Dans le domaine HCF, les contraintes et déformations sont assez faibles et ne causent que peu, voire aucune déformation plastique cyclique à l’échelle macroscopique. Le matériau atteint, dès le premier cycle en général, un régime stable et on dit alors qu’il y a adaptation des déformations (Doquet, 2009). À ce niveau de sollicitation, le nombre de sites d’amorçage est généralement plus limité; même souvent unique. La déformation plastique cyclique locale est grandement hétérogène, c’est-à-dire qu’elle se concentre à certains endroits isolés et plus faibles dans la microstructure (McDowell, 2007). La forte dépendance du comportement en fatigue avec la microstructure aux endroits critiques ainsi que l’hétérogénéité de la plasticité locale font que la variation statistique est plus grande en HCF et mérite alors d’être étudiée (Hertzberg, 1996; Morel et Flacelière, 2005). L’amorçage de fissure se fait dans plusieurs cas très tard dans la durée de vie et pilote alors la résistance en fatigue (Baïlon et Dorlot, 2000; Gonçalves, Araújo et Mamiya, 2005; McDowell, 2007; Rabbe et Anquez, 2008). La Figure 1.9 montre le plateau dans la courbe S-N qui survient normalement aux alentours de 106 ou 107 de cycles pour les aciers. Il s’agit de la limite d’endurance conventionnelle (Hertzberg, 1996; Baïlon et Dorlot, 2000). On sait aujourd’hui que cette contrainte est une limite de non- propagation des microfissures au-delà des premières barrières microstructurales et non une limite de non-amorçage (McDowell, 1996; Banvillet, Palin-Luc et Lasserre, 2003; Doquet, 2009). Il est fréquent en HCF d’observer l’arrêt définitif ou momentané des microfissures de fatigue lorsque les charges sont suffisamment basses à cause notamment de la microstructure, des contraintes résiduelles microscopiques (McDowell, 1996) ou du frottement entre les lèvres de la microfissure (Doquet, 2009).

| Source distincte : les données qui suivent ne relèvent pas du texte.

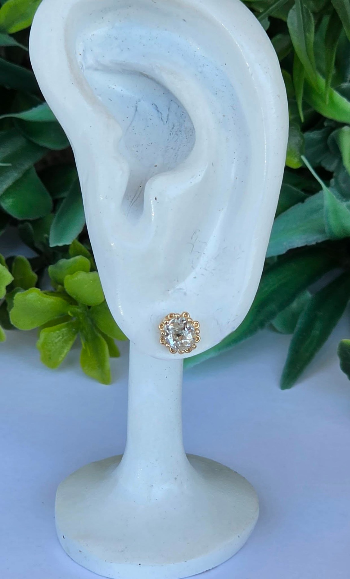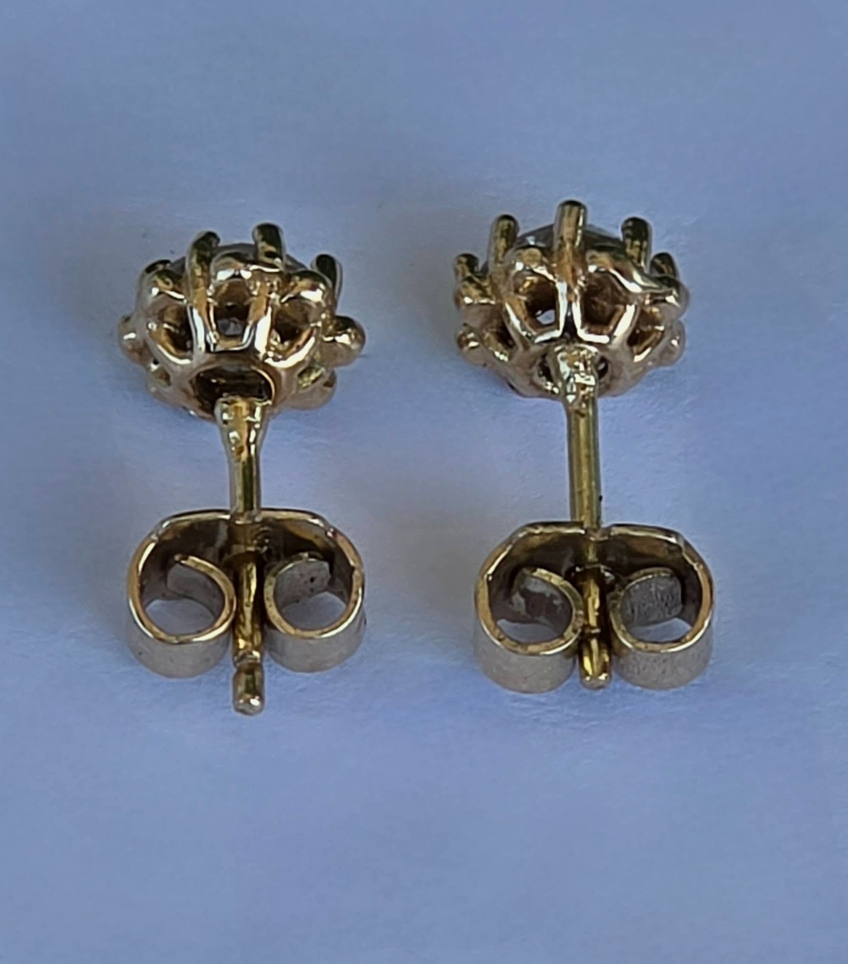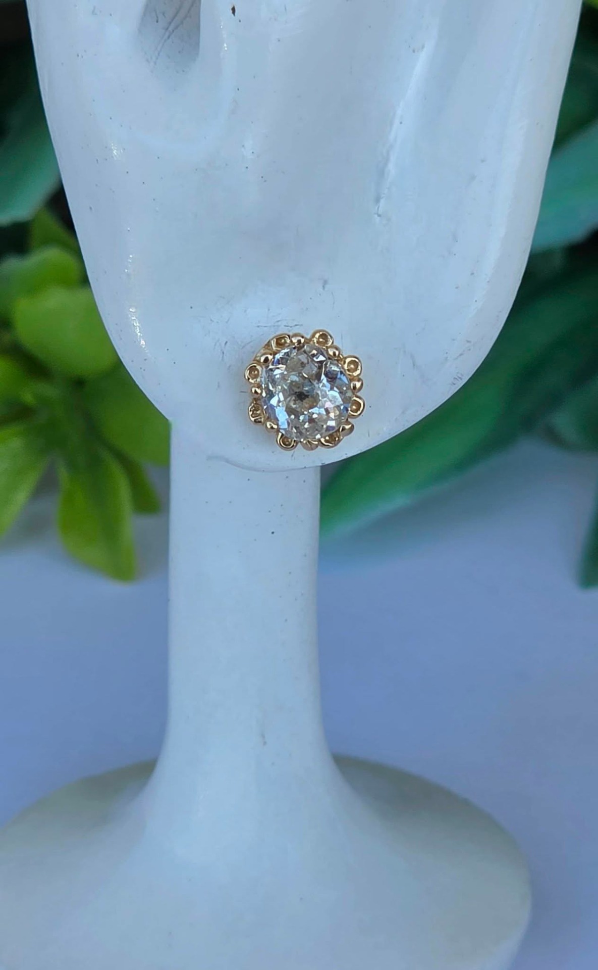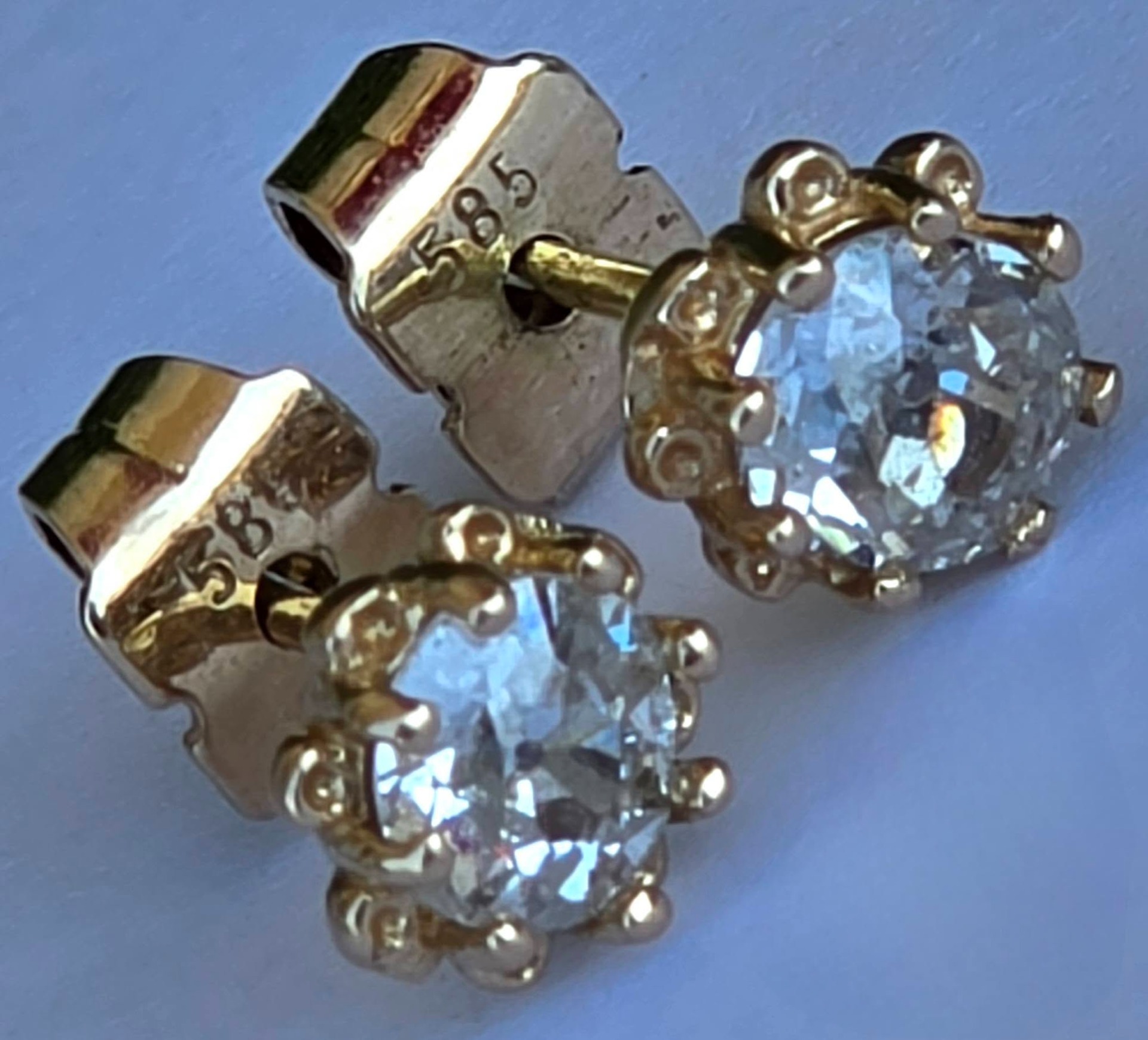 Cercei vechi spectaculoși, din aur de 14K, cu 2 diamante naturale "Old European Cut" (0.83ct), cu dispersie foarte bună a luminii ("foc"), care oferă reflexii albăstrui remarcabile, manufactură deosebită, cu montură de tip „halo” perlat, care protejează piatra și îi conferă un volum vizual mai mare.

Les ingénieurs mécaniques ont longtemps pensé qu’aucune rupture ne pouvait survenir en dessous de la limite d’endurance mais plusieurs études plus récentes dans l’histoire de la fatigue ont prouvé le contraire. En effet, en présence de contraintes et déformations plus faibles que les conditions obtenues à la limite d’endurance conventionnelle, il est possible d’observer des ruptures pour la plupart des alliages métalliques à des durées de vie de l’ordre du milliard de cycles (Tanaka et Akiniwa, 2002; Bathias, 2008; Hong et al., 2012, Lai et al., 2012). On atteint alors le domaine de la fatigue gigacyclique (VHCF). Bathias (2008) indique que l’étude de la fatigue gigacyclique est plus récente malgré son importance pratique évidente pour la conception des machines modernes car elle a nécessité le développement de machines d’essai à haute fréquence (jusqu’à 20 kHz) dites piézoélectriques et la mise au point de techniques d’essai particulières. Sohar et al. (2008) décrivent en détails l’équipement de test requis (circuit de refroidissement, générateur haute fréquence, transducteur, etc.). Dans ce domaine, la déformation plastique cyclique n’est observée qu’à un ou quelques défauts de la microstructure très isolés qui produisent une concentration des contraintes très locale. Il convient de différencier les domaines HCF et VHCF car pour un alliage donné les mécanismes d’amorçage de fissure sont souvent différents dans les deux cas.